Choosing a collection
The conventional Rust advice:
| Need | Collection |
|---|---|
| Growable list, indexed access | Vec<T> |
| Queue, double-ended | VecDeque<T> |
| Hash-based key-value | HashMap<K, V> |
| Ordered key-value | BTreeMap<K, V> |
| Hash-based set | HashSet<T> |
| Ordered set | BTreeSet<T> |
| Priority queue | BinaryHeap<T> |
| Fixed-size array | [T; N] |
Common patterns
Building a vec from an iterator
let squares: Vec<i32> = (1..=10).map(|n| n * n).collect();
let evens: Vec<i32> = (1..=20).filter(|&n| n % 2 == 0).collect();
The .collect() admits substantial conciseness for vector construction.
Counting occurrences
use std::collections::HashMap;
fn word_count(text: &str) -> HashMap<&str, i32> {
let mut counts: HashMap<&str, i32> = HashMap::new();
for word in text.split_whitespace() {
*counts.entry(word).or_insert(0) += 1;
}
counts
}
Group by
use std::collections::HashMap;
fn group_by_length(words: &[&str]) -> HashMap<usize, Vec<&str>> {
let mut groups: HashMap<usize, Vec<&str>> = HashMap::new();
for word in words {
groups.entry(word.len()).or_insert_with(Vec::new).push(*word);
}
groups
}
Tuple-struct newtype
struct UserId(u64);
struct GroupId(u64);
fn assign_to_group(user: UserId, group: GroupId) {
// can't accidentally swap the arguments
}
The newtype pattern admits compile-time distinction between semantically distinct types.
Using #[derive]
#[derive(Debug, Clone, PartialEq, Eq, Hash)]

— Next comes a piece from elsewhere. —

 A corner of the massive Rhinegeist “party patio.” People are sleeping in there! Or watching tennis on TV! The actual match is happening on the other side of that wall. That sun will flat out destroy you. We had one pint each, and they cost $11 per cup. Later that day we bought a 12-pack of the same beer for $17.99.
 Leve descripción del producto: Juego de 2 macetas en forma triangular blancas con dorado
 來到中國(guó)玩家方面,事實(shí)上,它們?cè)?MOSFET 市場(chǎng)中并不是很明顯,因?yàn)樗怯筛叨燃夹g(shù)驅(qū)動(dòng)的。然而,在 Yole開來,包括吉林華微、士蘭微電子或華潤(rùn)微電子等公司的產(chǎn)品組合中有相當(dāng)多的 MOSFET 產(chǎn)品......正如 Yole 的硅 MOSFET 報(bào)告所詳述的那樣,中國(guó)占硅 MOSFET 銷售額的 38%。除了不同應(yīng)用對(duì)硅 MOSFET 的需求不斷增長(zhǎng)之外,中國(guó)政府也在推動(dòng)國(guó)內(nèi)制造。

struct Point { x: i32, y: i32 }
let p1 = Point { x: 0, y: 0 };
let p2 = p1.clone(); // Clone
let p3 = Point { x: 0, y: 0 };
println!("{:?}", p1); // Debug
println!("{}", p1 == p3); // PartialEq
use std::collections::HashSet;
let mut set: HashSet<Point> = HashSet::new(); // Hash, Eq
set.insert(p1);
The #[derive] admits auto-implementing common traits; treated in Traits.

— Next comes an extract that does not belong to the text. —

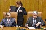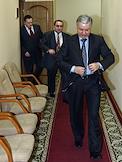 Президент Ассоциации банков России Гарегин Тосунян (в центре) и директор Федеральной миграционной службы (ФМС) России генерал-полковник милиции Константин Ромодановский (справа) перед началом подписания Соглашения о взаимодействии ФМС России и Ассоциации российских банков.

A note on the conventional discipline
The contemporary Rust data-structure advice:
- Use
Vec<T>by default — for almost all sequence needs. - Use
Stringfor owned strings,&strfor borrowed. - Use
HashMapby default for key-value;BTreeMaponly when order matters. - Use newtypes for semantic distinction.
- Derive
Debug, Clone, PartialEqon most data types. - Implement methods in
implblocks; group related operations. - Prefer enums over flag-based representations — sum types prevent invalid states.
The combination — value-typed structs, sum-typed enums, ownership-aware collections, hash-and-tree map alternatives — is the substance of Rust’s data-structure surface. The conventional discipline is to choose the type that admits expressing the data’s invariants directly.